— Records for processing —
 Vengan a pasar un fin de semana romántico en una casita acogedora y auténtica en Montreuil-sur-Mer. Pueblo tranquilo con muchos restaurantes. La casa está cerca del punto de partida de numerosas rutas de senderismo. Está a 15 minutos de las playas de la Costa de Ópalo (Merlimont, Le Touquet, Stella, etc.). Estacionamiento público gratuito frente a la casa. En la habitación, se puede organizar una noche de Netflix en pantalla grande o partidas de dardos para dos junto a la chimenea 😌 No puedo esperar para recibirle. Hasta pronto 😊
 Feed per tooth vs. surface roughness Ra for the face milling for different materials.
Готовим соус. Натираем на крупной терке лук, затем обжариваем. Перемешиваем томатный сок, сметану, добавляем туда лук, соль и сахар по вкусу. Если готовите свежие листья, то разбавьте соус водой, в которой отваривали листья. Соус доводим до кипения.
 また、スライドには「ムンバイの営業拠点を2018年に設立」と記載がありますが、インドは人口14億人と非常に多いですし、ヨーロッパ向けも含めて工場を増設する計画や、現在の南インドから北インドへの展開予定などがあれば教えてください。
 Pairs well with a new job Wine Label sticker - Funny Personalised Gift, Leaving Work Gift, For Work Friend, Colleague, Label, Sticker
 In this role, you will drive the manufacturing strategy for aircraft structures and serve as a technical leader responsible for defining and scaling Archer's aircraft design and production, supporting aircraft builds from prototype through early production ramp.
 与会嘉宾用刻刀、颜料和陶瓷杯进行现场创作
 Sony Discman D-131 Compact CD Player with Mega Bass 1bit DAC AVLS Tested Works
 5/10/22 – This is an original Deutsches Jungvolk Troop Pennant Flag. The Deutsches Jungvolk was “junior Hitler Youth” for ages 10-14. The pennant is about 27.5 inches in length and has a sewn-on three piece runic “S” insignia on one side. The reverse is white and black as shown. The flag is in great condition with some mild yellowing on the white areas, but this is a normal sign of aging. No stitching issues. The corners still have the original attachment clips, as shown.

---

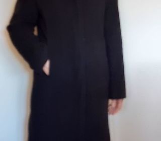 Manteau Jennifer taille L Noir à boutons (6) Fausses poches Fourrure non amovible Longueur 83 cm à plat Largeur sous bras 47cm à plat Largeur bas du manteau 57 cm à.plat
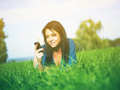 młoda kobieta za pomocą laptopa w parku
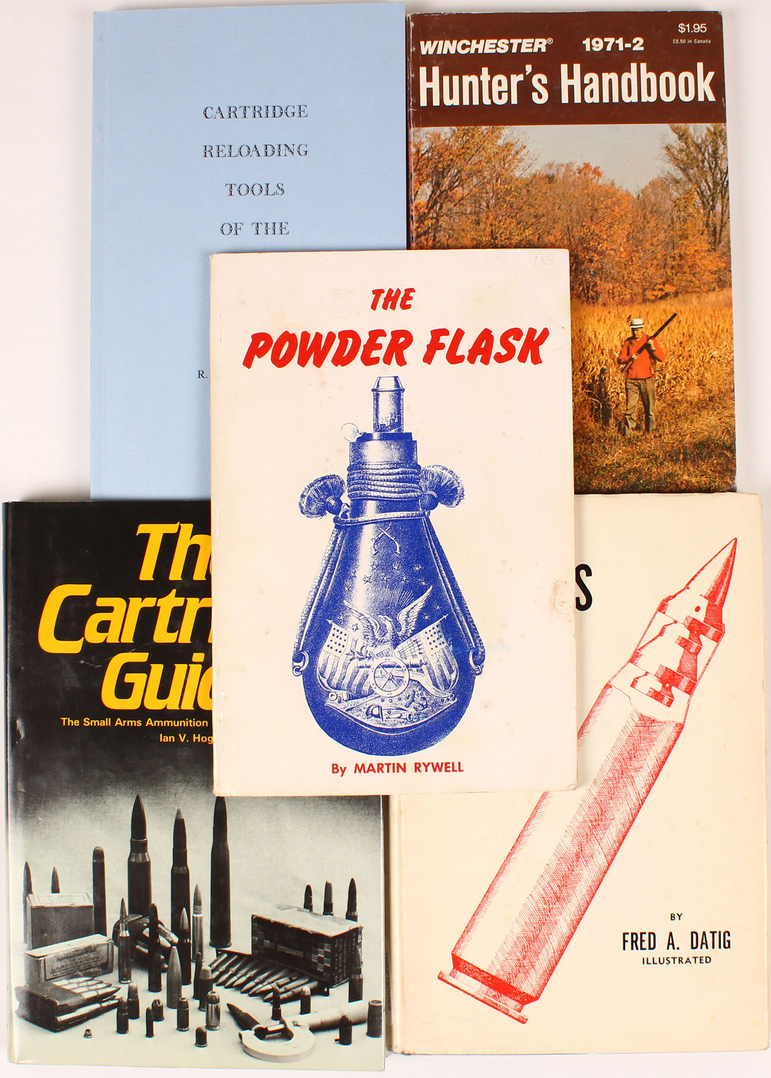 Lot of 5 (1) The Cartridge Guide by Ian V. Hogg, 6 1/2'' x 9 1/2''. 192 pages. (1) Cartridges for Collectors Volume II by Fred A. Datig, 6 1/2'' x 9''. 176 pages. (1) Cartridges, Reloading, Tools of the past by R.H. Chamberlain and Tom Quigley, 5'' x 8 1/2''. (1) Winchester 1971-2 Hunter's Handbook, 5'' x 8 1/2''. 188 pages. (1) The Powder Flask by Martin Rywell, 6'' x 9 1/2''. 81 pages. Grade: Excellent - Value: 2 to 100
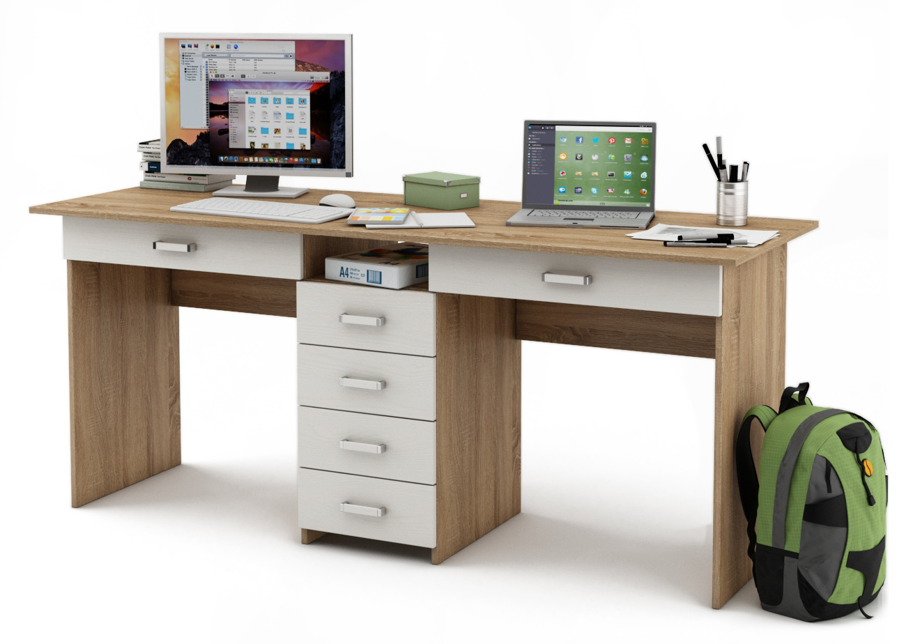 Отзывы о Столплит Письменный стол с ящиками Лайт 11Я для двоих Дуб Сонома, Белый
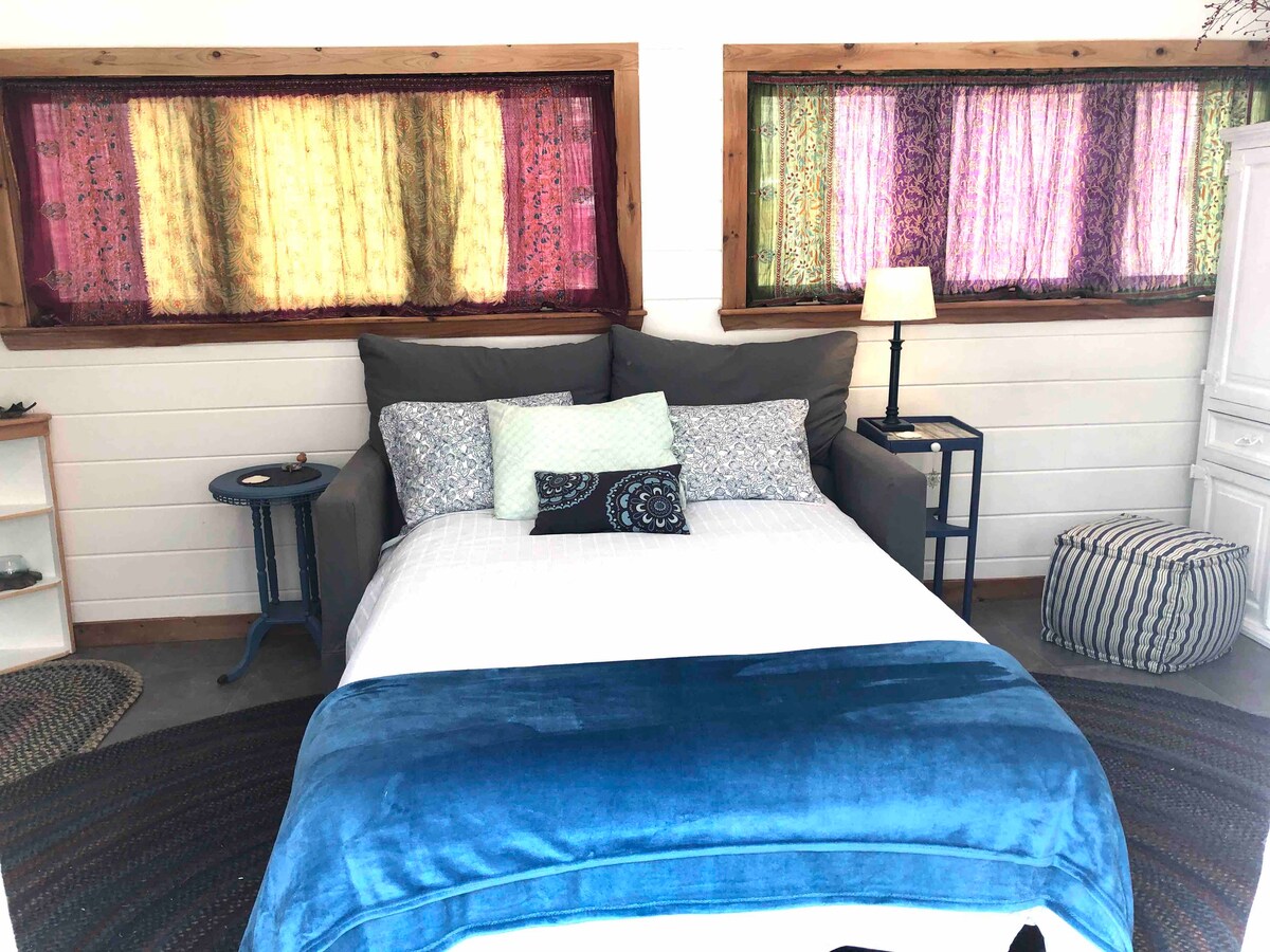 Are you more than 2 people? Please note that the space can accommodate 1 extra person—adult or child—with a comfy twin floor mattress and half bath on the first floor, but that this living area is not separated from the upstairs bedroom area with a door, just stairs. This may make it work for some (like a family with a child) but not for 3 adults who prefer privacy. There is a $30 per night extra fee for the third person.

---

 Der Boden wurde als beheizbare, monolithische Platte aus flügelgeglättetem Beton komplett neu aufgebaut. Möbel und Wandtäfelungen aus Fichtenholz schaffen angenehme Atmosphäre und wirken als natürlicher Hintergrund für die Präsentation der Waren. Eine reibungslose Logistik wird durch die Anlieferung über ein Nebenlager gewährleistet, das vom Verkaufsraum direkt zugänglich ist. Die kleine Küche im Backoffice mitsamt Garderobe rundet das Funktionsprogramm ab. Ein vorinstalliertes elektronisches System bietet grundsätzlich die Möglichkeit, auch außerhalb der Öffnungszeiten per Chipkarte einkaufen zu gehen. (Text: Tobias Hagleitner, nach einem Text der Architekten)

— The problem —
Would you print exactly, and only, the lines of the data above from the line with "Готовим соус. Натираем" through the line with "Pairs well with", inclusive?

— Output for this task —
Готовим соус. Натираем на крупной терке лук, затем обжариваем. Перемешиваем томатный сок, сметану, добавляем туда лук, соль и сахар по вкусу. Если готовите свежие листья, то разбавьте соус водой, в которой отваривали листья. Соус доводим до кипения.
 また、スライドには「ムンバイの営業拠点を2018年に設立」と記載がありますが、インドは人口14億人と非常に多いですし、ヨーロッパ向けも含めて工場を増設する計画や、現在の南インドから北インドへの展開予定などがあれば教えてください。
 Pairs well with a new job Wine Label sticker - Funny Personalised Gift, Leaving Work Gift, For Work Friend, Colleague, Label, Sticker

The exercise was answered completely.